Usually, it is not conducive to define an appropriate number of clusters a priori. A reasonable number of clusters depends on various interdependent factors: number of incoming inquiries, therapeutic area of the medicine, time frame of the analysis, and intrinsic amount of information (i.e. variety of the medical inquiries). For a given medicinal product, typically a handful of frequently asked questions covers a large volume of inquiries, accompanied by numerous low-volume and less cohesive inquiry clusters. These low-volume clusters often contain valuable information, which might not even be known to medical experts: their low volume makes it difficult to detect them via manual inspection. To perform clustering in the embedding space, we use the hierarchical, density-based clustering algorithm HDBSCAN (Campello et al., 2013; Melo et al., 2016; McInnes et al., 2017). As customary in unsupervised learning tasks, one needs to provide some information on the desired granularity, i.e. how fine or coarse the clustering should be. In HDSBCAN, this is accomplished by specifying a single, intuitive hyper-parameter (min cluster size). In our case, the objective is to obtain approximately 100 clusters so that the results can be easily analyzed by medical experts. Thus, the main factor in defining min cluster size is the number of inquiries for a given medicinal drug: the larger the medical inquiry volume, the larger the parameter min cluster size. Note that min cluster size is not a strict controller of cluster size (and thus how many clusters should be formed), but rather a guidance provided to the algorithm regarding the desired clustering granularity. It is also possible to combine different min cluster size for the same dataset, i.e. using a finer granularity for more recent inquiries, thus enabling the discovery of new topics when only few inquiries are received, at a price however of an increase in noise given the low data volume. Moreover, min cluster size is very slowly varying with data (medical inquiry) volume, which facilitate its determination (see Supplementary Material). At the end of this step, for each drug a set of clusters is returned, each containing a collection of medical inquiries. A given medical inquiry is associated to one topic only, in accordance with the single topic assumption.

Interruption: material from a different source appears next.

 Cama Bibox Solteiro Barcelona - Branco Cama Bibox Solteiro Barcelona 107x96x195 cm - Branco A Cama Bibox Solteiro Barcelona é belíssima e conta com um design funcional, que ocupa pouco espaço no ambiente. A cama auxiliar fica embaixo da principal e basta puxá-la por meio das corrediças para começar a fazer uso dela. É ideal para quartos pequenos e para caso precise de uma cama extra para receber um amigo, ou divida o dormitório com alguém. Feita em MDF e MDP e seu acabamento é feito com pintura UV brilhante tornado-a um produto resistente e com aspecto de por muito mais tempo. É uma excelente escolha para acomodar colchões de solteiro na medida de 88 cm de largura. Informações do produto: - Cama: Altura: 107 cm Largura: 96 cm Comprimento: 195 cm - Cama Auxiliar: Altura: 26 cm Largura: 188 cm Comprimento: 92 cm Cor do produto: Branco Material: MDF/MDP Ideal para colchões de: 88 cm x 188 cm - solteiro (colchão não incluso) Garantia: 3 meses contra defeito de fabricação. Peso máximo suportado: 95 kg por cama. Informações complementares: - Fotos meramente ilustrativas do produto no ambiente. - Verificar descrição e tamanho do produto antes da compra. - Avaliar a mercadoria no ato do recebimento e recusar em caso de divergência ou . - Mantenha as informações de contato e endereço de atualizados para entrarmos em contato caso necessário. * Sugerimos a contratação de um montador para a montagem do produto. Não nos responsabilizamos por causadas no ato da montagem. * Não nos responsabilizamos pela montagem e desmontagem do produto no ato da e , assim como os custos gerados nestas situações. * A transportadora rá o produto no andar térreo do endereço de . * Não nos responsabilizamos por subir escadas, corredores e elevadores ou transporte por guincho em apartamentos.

In order to convey the cluster content to users, a name (or headline) needs to be determined for each cluster. To this end, the top-five most recurring words for each cluster are concatenated, provided that they appear in at least 20% of the inquiries belonging to that cluster; this frequency threshold is set to avoid to include in the topic name words that appear very infrequently but are still in the top-five words. Thus, if a word does not fulfill the frequency requirement, it is not included in the topic name (resulting in topic names with less than five words). By such naming (topic creation), the clusters are represented by a set of words, which summarize their semantic content.
Topic Merging and Topic Map Calculation
From this list of candidate topics, the vector representation for each word in the topic name is calculated; the topic name vector is then obtained by averaging the word vectors of the words present in the topic name. Topics are merged if their similarity evaluated as cosine similarity between their topic name vectors - is larger than a threshold. Threshold values range between 0.8 and 0.95 depending on the drug considered. This is done to limit the number of topics to be presented to medical experts. We favor this simple method over applying again HDSBCAN because the clustering would have to operate on very few datapoints (∼100 topics). We also notice that HDBSCAN tends to group topics quite aggressively (even with min cluster size = 2), which would result in potentially loosing important information.

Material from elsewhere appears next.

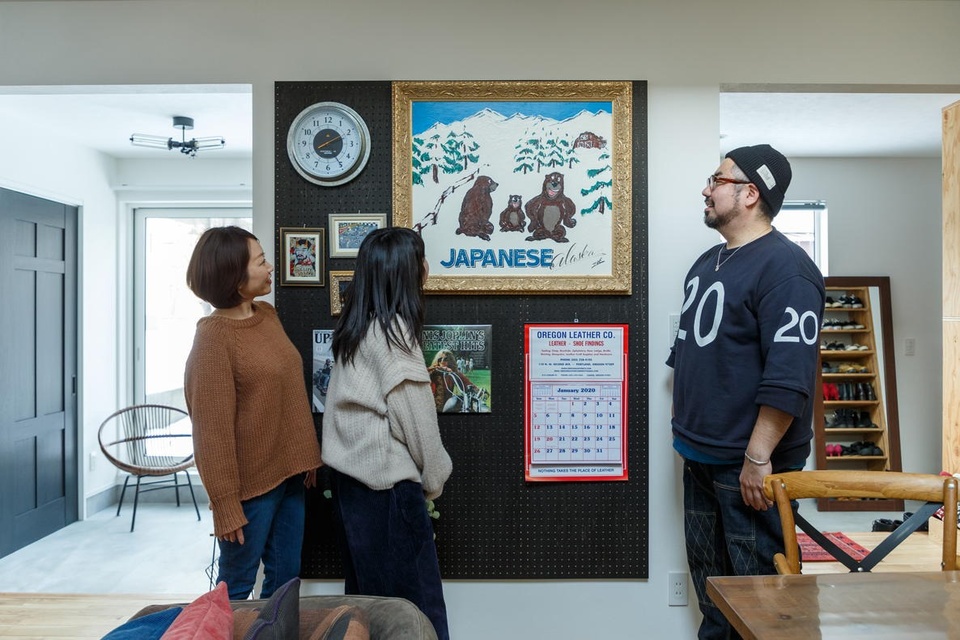 なかでも目を引くのが、リビングの有孔ボードに飾られた大きなクマの絵。「知り合いのアーティストさんにボクたち3人をイメージして描いてもらったんですよ」仲良しファミリーの雰囲気がよく伝わってきますね。

After the topics are merged, new topic names are generated according to the procedure outlined above. The final result is a list of topics defined by a given name, each containing a set of similar medical inquiries. The list of discovered topics is then outputted and presented to medical experts.
Since the goal is to extract as much knowledge as possible from incoming medical inquiries, a relatively large number of topics (typically around 100) is returned to medical experts for each medicinal product. To facilitate topic exploration and analysis, topics are visualized on a map that reflects the similarity between topics (Figure 2A): topics close to each other in this map are semantically similar. To obtain this semantic map, first topic vectors are computed by averaging the text representation of all inquiries belonging to a given topic; then, a dimensionality reduction to two dimensions via UMAP is performed.
FIGURE 2. Topic discovery for medical inquiries on regorafenib. (A) Topic semantic map. Axis are the non-linear dimensionality components and thus are not shown. (B) Wordclouds for selected topics.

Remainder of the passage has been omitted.